Mélange foutraque et sarcastique d’EBM, d’indus, d’electro et de country (oui ! oui !), le résultat, en forme de LSD renversé sur les synthés, a dû être beaucoup écouté par les kids noirs de Chicago occupés à la même époque à inventer la house music. P. T.
Haruomi Hosono N.D.E. (Japon, 1995, réédité en 2023)
Peut-on rater sa sortie deux fois ? Une première fois tiendrait de la farce, la seconde de la tragédie. On peut interpréter ainsi la mollesse de la réception qui a entouré la réédition en juin dernier d’un album qui a marqué un tournant dans la musique électronique. La première fois que N.D.E. est paru, c’était en 1995, et le disque n’a connu de sortie commerciale réelle qu’au Japon (or, les imports japonais coûtaient bonbon à l’âge de pierre du monde avant internet), ainsi qu’une microdistribution américaine sur le label Antilles (sous-label expérimental d’Island), due en partie aux collaborateurs d’Haruomi Hosono sur ce disque, Bill Laswell et François Kevorkian (légende française ayant fait éclore la house à New York).
L’album n’est jamais paru en France, même si l’on devine dans ces rencontres hybrides l’esprit de Jean-François Bizot, saint patron de Nova et d’Actuel, qui œuvra effectivement aux noces de feu de tout ce beau monde pour donner vie à son fantasme de sono mondiale. Depuis, quoi ? Hosono a enfin gagné au fil du temps une réputation mondiale à la hauteur de son talent, si bien qu’il est aujourd’hui plus respecté dans certains cercles que Ryūichi Sakamoto, avec qui il avait fondé Yellow Magic Orchestra en 1978.
https://www.youtube.com/watch?v=L8rT8gftg6k
Logiquement, vous auriez donc dû vous rouler par terre en apprenant que les Néerlandais de Rush Hour rééditaient enfin cet album. Il n’en a rien été.

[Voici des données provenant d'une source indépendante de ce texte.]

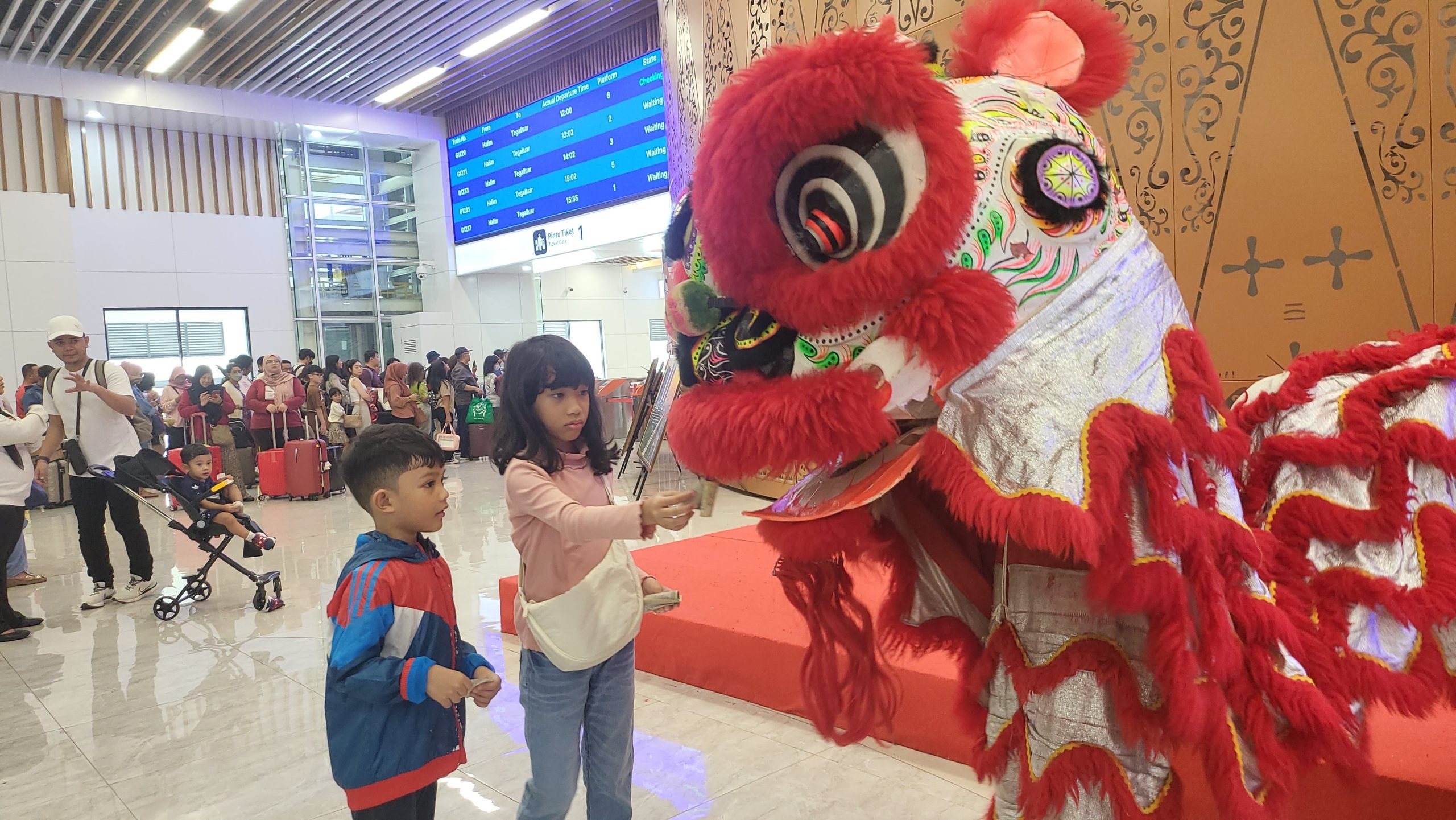 KEPRIBETTER.COM- Memperingati momen Tahun Baru Imlek, KCIC menghadirkan berbagai kemeriahan di area stasiun Kereta Cepat Whoosh pada Sabtu 10 Februari 2024.

C’est d’autant plus con que c’est maintenant, trente ans trop tard, que ce disque prend vraiment tout son sens : une heure de tablas virant à la rave sans que jamais autre chose qu’une pure tension ne soutienne cette entrée amplifiée dans le champ de la perception magique, un disque qui tourne, tourne, n’en finit pas de tourner et d’élargir votre vision…
Voilà qui devrait correspondre à la fois à ce que vous consommez en soirée et à ce que vous pouvez écouter de plus mental en 2024, que ce soit le génial maxi de Shelter qui vient de sortir sur le label Antinote ou les longs mix trippés que jouent deux incroyables filles expatriées à Berlin, l’Australienne Kia et la Coréenne DJ Fart in the Club (promis, on fera un jour un papier sur les pseudos hasardeux de certain·es DJ).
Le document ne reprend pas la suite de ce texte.